The traditional method is carried out by two modes of a manual dynamic detection method and a static detection method. The first dynamic detection method starts from black box testing and is combined with a method related to penetration attack, so that the XSS vulnerability can be detected. The current dynamic detection method uses a real XSS attack code or utilizes a web crawler to perform crawling analysis on a target webpage, but the time overhead of the web crawler is huge, the crawled page data cannot be guaranteed to cover all pages of a website, the attack code stored in a database cannot cover all attack scenes, and the requirement of the access overhead on a server is very high. The second static detection method is that HTML5 and CORS attribute rules design a filter in the browser to detect XSS attacks and provide a system to determine if the intercepted request has a malicious attempt. Through the above, it is obvious that the traditional cross-site script detection method usually needs to spend a lot of time and energy to extract the features of the attack data, and certain experience is needed to be combined to obtain a good effect. The degree of dependence on personnel is high, the final effect is influenced by the uneven personnel ability level, and the expense on server resources is also high.
Disclosure of Invention
The invention aims to solve the technical problem that people cannot effectively prevent cross-site scripting attack in time when using internet data in the prior art, and provides a cross-site scripting attack identification method based on deep learning, which can effectively improve the cross-site scripting attack identification efficiency and improve the safety.
The invention provides a cross-site scripting attack identification method based on deep learning, which comprises the following steps:
s1, webpage data collection: constructing a target range containing cross-site scripting attack vulnerability, collecting related data containing cross-site scripting attack by using a scanner and a manual infiltration mode, and classifying and labeling the related data;
s2, data feature extraction: carrying out data cleaning on the related data, carrying out word segmentation on the related data through a word segmentation device, and outputting feature data after word segmentation;
s3, constructing a data set: constructing a data set by adopting a Wold2Vec model;
s4, training a neural network: using an LSTM neural network to perform cross-site scripting attack detection and outputting a detection result;
s5, Softmax layer classification: and (4) after the detection result is subjected to Softmax function operation, obtaining probability distribution of cross-site scripting attack on all target information, and judging whether the related data is cross-site scripting attack or not.

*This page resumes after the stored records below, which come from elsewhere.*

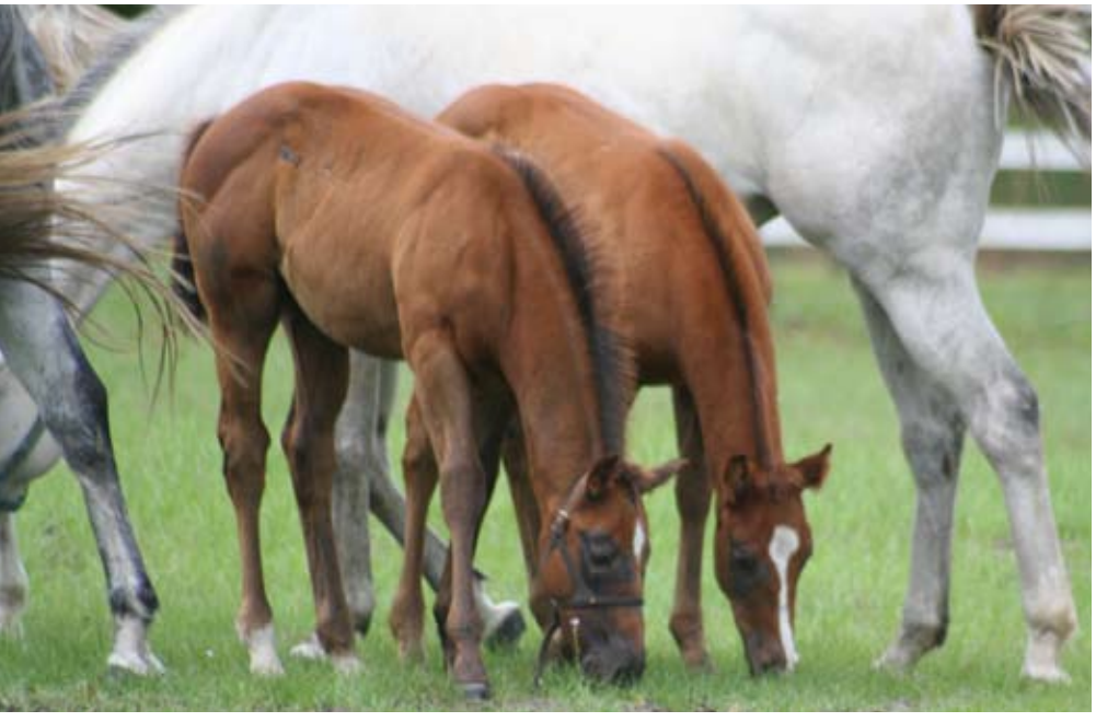
Foals raised in a pasture and in groups for socialization.

monitoring her for birth of the foal. The foal alert allows us to be at the mare's side within two minutes of the time the birth process begins.
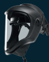
g300 Réf. 4900.000
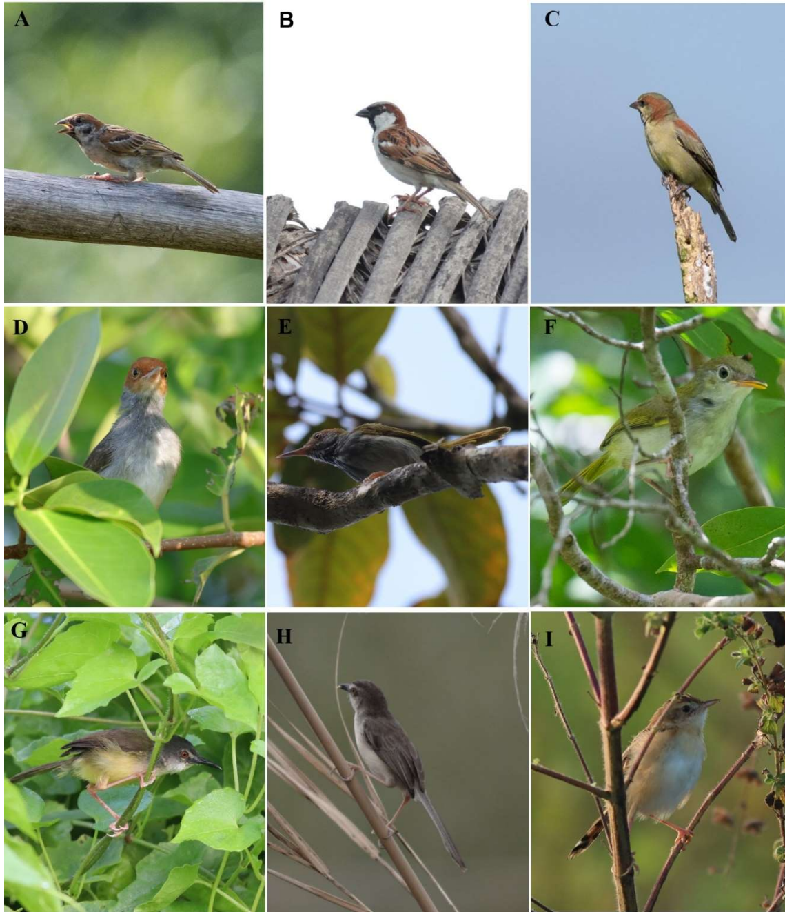
Plate 1: (A) Passer montanus ; (B) Passer domesticus ; (C) Passer flaveolus ; (D) Orthotomus ruficeps ; (E) Orthotomus atroregularis ; (F) Orthotomus sutorius ; (G) Prinia flaviventris ; (H) Prinia inornata ; (I) Cisticola juncidis .

Appendix: Images of birds recorded during this study in Ba Ria Vung Tau Province, Vietnam.
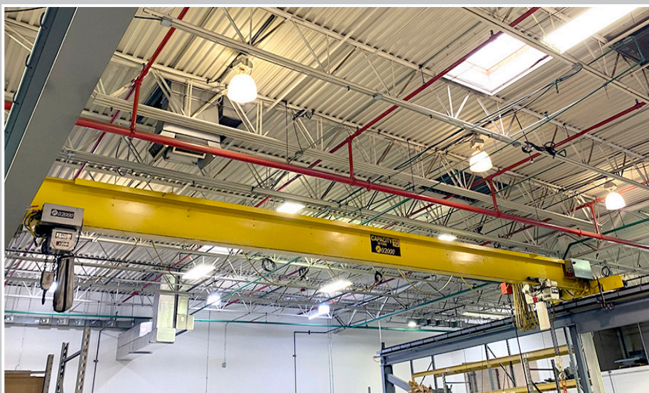
ALPHA 2000, 10-Ton Overhead Bridge Crane
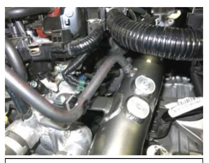
I. Install the vacuum hose to the nipple and secure with the factory spring clamp. Then, reattach the plastic clip to the mounting bracket.
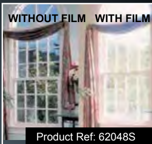
Product Ref: 62048S

Can be applied to existing windows and other glass panels not just new ones. It is completely undetectable when applied to glass, yet increases the strength of glazed areas to protect against vandals, fire, bomb attacks or industrial accidents. If a breakage does occur, the film holds the glass in place until it can be safely removed.
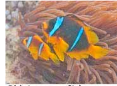
Old Anemone fish

a semi dry. Later in the year the water becomes much clearer and warmer, and a 'T' shirt and trunks are sufficient thermal protection.
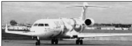
Typical Commuter Jet

Ogura manufactures a number of components for use in jet commuter aircraft. For 2006 a number of production changes are taking place which will allow Ogura to maintain the high quality expected in aircraft components, but at the same time reducing manufacturing cost.
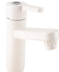
Single Lever Basin Mixer MRP 1750/-
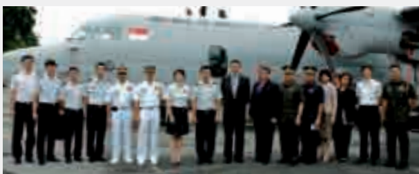
Mr Teodoro Junior (8 th from right) and the Philippines delegation viewed the Fokker 50 static display at 121 SQN during their visit.
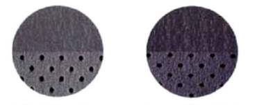
Leather/Perforated Suede Trim: Slate Grey. Leather/Perforated Suede Trim: Blue Graphite.

LSTM is an improved model of the Recurrent Neural Network (RNN) whose main feature is the ability to handle sequence features, i.e. the preceding and following inputs are related. The LSTM neural network overcomes the defect that the recurrent neural network cannot process long-distance dependence, becomes the most popular recurrent neural network at present, and is good achievement in the fields of image processing, text classification and the like. The design idea of the LSTM neural network is to add a state C for storing long-term information, called a unit state, in the hidden layer of the RNN, and to spread the modified RNN according to the time sequence.
The cross-site scripting attack identification method based on deep learning is used as an optimal mode, and related data comprise request parameters, a request method, response contents and a response state.

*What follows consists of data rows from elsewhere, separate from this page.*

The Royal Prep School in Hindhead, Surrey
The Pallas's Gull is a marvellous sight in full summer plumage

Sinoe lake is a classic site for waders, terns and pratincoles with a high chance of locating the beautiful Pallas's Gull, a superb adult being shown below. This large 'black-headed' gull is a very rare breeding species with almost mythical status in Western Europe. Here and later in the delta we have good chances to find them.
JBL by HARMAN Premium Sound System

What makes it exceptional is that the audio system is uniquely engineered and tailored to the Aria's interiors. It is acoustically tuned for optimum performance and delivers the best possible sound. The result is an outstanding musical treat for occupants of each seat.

The deep learning-based cross-site scripting attack identification method is used as an optimal mode, and the classification labels comprise a cross-site scripting attack class and a non-cross-site scripting attack class.
According to the cross-site scripting attack identification method based on deep learning, as a preferred mode, a scanner is wvs or appscan.
The invention discloses a cross-site scripting attack identification method based on deep learning, which is a preferable mode, and the step S2 further comprises the following steps:
s21, removing data containing missing values in the related data by adopting a downsampling algorithm;
s22, removing the label in the response content by using xpath and only keeping the page content;
s23, distinguishing the request parameters, the IP address and the port number by adopting a method in a urlparse packet;
s24, evaluating the relation between the characteristic variables and the characteristics of the related data by using a Pearson correlation coefficient, and removing data irrelevant to the final category;
and S25, performing word segmentation on the related data through the word segmentation device, and outputting the feature data after word segmentation.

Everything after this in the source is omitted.